Par ailleurs, les récents développements, notamment l’envoi de soldats nord-coréens en Russie, nous rappellent que la sécurité de l’Europe et celle de l’Asie sont étroitement liées. Il est donc désormais essentiel d’élever la coopération stratégique à un niveau plus global, englobant tous les secteurs.
À cet égard, lors de la visite en Corée du Haut Représentant pour les Affaires étrangères et la Politique de sécurité, Josep Borrell, en novembre 2024, nous avons lancé un dialogue stratégique entre ministres des Affaires étrangères et adopté un partenariat en matière de sécurité et de défense. Cette initiative a posé les bases d’une coopération renforcée face aux nouveaux défis sécuritaires, notamment la cybersécurité, la lutte contre la désinformation et la sécurité spatiale, en plus des échanges sur des questions majeures telles que la situation en Ukraine et la péninsule coréenne.
En 2023, nous avons célébré le 60e anniversaire des relations diplomatiques entre la Corée et l’UE. Dans la culture asiatique, l’anniversaire des 60 ans symbolise la fin d’un cycle et le début d’un nouveau. Je forme le vœu que, sur la base de notre histoire commune, nous puissions surmonter ensemble les défis actuels et élargir encore le champ de notre coopération stratégique, pour ouvrir un nouveau chapitre des relations entre la Corée et l’Europe.
En 2026, la Corée du Sud va célébrer un autre anniversaire, celui du 140e anniversaire de l’établissement des relations bilatérales avec la France. Si Paris et Séoul ont développé un dialogue stratégique depuis 2016, dans quelle mesure ces deux puissances de l’Indo-Pacifique, attachées chacune à l’autonomie stratégique, peuvent-elles développer leur coopération, notamment sur les sujets diplomatiques et de défense ?
La France est une puissance mondiale, membre permanent du Conseil de sécurité de l’ONU, et un acteur clé au sein l’UE. De son côté, la Corée s’est imposée comme un acteur majeur de la région indo-pacifique, se classant au 6e rang mondial pour les exportations, au 12e pour le PIB et au 5e pour la puissance militaire. Forts de ces atouts respectifs, nos deux pays peuvent conjuguer leurs forces pour contribuer ensemble à la paix et à la sécurité mondiales.
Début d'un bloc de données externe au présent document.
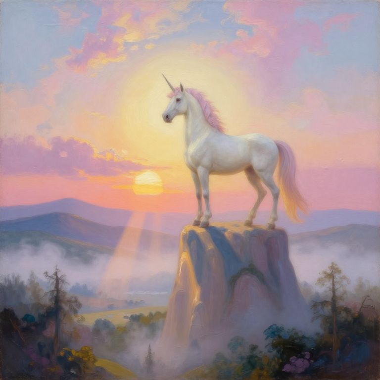An awe-inspiring oil painting captures a majestic mythical creature soaring above a verdant valley at twilight. The creature's resplendent wings are spread wide as it casts an ethereal glow across the serene landscape below, blending elements of fantasy with natural beauty. The unique aerial perspective draws viewers into the scene from the vantage point of the celestial creature itself, evoking feelings of wonder and a sense of magic in this breathtakingly composed portrait of nature and mythical splendor.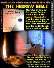 The Hebrew Bible (entire Tanach) Narrated - 4 computer CD/ROMs containing MP3 format files. The entire Hebrew Bible narrated in HebrewOn 4 audio CDs (MP3 format)!The Law, The Prophets, The Writings. (Torah, Neveeim, Ktuvim). The best Hebrew narration ever recorded with excellent intonation, diction, and accent. Eech one of these recordings was broadcast on Kol Israel, a chapter every night. These CDs can dramatically improve your Torah reading and understanding of the Hebrew Bible. This is essential especially for congregations in the preparation of the weekly Torah portion. Note: Will not play in your car unless your car supports MP3 format. Listen to a preview: Bereshit (Genesis) 1:1-5 |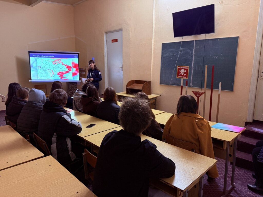 СТОП МІНИ. ЖИТТЯ БЕЗ РИЗИКУ. 8 квітня 2026 року до Миколаївського професійного промислового ліцею завітали фахівці з надання інформації міжнародної гуманітарної організації «The HALO Trust» Дуліна Катерина і Журілов Артем. Вони провели лекцію з мінної безпеки для студентів І курсу і педпрацівників. Учасники заходу були ознайомлені з ознаками потенційно небезпечних територій, знаками маркування вибухонебезпечних предметів (ВНП), а також з алгоритмом дій у разі їх виявлення.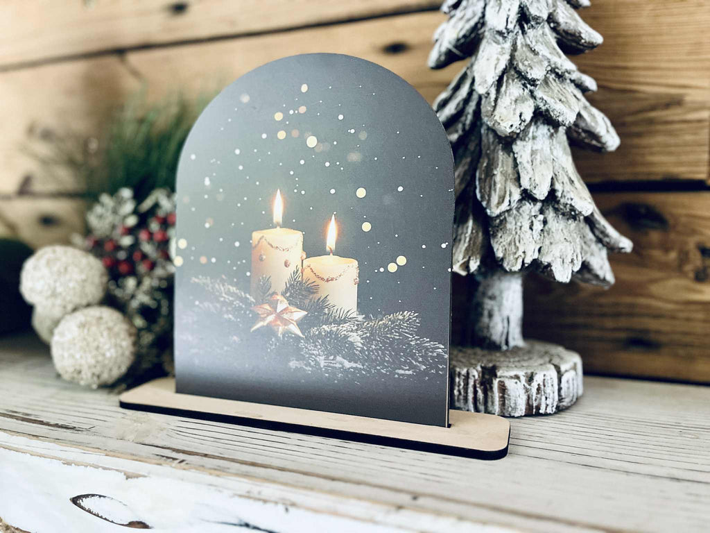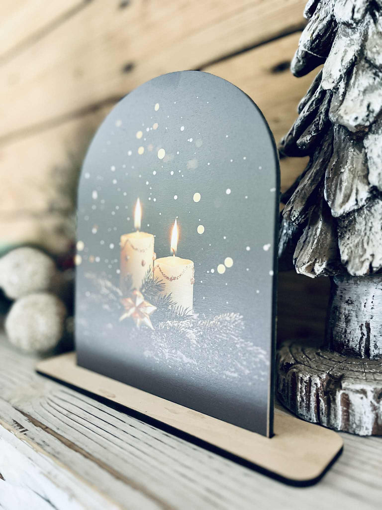 Add warmth and glow to your holiday home with this Christmas Candle Tabletop Sign. Featuring two glowing candles with greenery and golden accents, this freestanding piece is UV printed directly onto wood for crisp, lasting detail. The arched sign comes with a removable wooden base, making it easy to display on mantels, shelves, or tabletops.

La Corée a récemment renforcé ses liens avec ses partenaires régionaux à travers le premier sommet Corée-États insulaires du Pacifique en 2023 et le premier sommet Corée-Afrique en 2024. Dans ce contexte, la position historique de la France dans ces régions ouvre des perspectives prometteuses pour renforcer la coopération bilatérale et créer des synergies positives.
L’Indo-Pacifique est aujourd’hui un espace clé de coopération entre la Corée et la France. La Corée a dévoilé en décembre 2022 sa première stratégie globale pour l’Indo-Pacifique. Implantée dans la région à travers ses territoires, la France a été, quant à elle, la première nation européenne à adopter une stratégie indo-pacifique. Dans ce cadre, les deux pays ont lancé en octobre 2024 le Dialogue sur l’Indo-Pacifique, ouvrant ainsi des discussions sur des défis majeurs de la région tels que le changement climatique, la santé et la coopération au développement. Ces enjeux restent aujourd’hui au cœur des échanges entre les deux nations, qui poursuivent leur réflexion pour y apporter des réponses conjointes.
De plus, la sécurité européenne et asiatique étant interconnectées, il est crucial que nos deux pays collaborent pour la stabilité de l’Indo-Pacifique. Nous devons ainsi identifier des domaines de coopération concrets, notamment en matière de sécurité maritime et d’industrie de la défense, tout en instaurant un cadre institutionnel pour renforcer nos relations diplomatiques et militaires.